A long time ago I wrote this story in Spanish. Today I made a new version and here it is, in English of course:
Even when my heart had started to beat a long time before, my life started with an opened door, the one that had remained closed for nine months. I opened my eyes for a first time and I found myself surrounded by a wonderful world. Full of doors I hadn´t opened yet. The time passed and the doors opened one by one letting my know, learn and understand a lot of things.
I was growing up and I was fulling with memories that those doors had leaving with me. I crossed the door to my childhood, followed by my adolescence. I overpassed my fears, I confront the obstacles that were on my way and I was heading to be the adult I finally turned into.
The doors keep opening but every time with a bigger delay. I had opened a lot of doors, but not too many. Finally I understood that there were a lot of doors that were going to remain closed to me because I didn´t have the key to open them.

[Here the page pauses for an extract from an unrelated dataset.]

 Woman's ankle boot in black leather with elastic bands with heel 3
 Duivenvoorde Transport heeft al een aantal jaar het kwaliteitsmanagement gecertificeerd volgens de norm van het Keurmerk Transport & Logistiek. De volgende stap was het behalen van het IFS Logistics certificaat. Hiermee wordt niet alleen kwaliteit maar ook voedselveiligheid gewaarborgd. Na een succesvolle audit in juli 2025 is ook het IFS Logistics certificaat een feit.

I started to remember how much beautiful and full of joy moments I had had. The nostalgia appeared. I missed those days when I went to he park with my parents. When I couldn´t sleep because there was something that kept me awaken. I remembered my old couples, my first kiss, my first love.
A door without lock or bolt, sealed from the inside but not from the outside, one of those doors that let you enter but don´t let you get out. I didn´t decide to open it. It opened by itself, I wanted to stay a bit longer but my will wasn´t the guide and I had to crossed it. That was the end of my life. I wasn´t looking behind with tears in my eyes any more, all the concern had disappeared. I couldn´t get back. It was planned to be that way.
But I have time to tell you my story.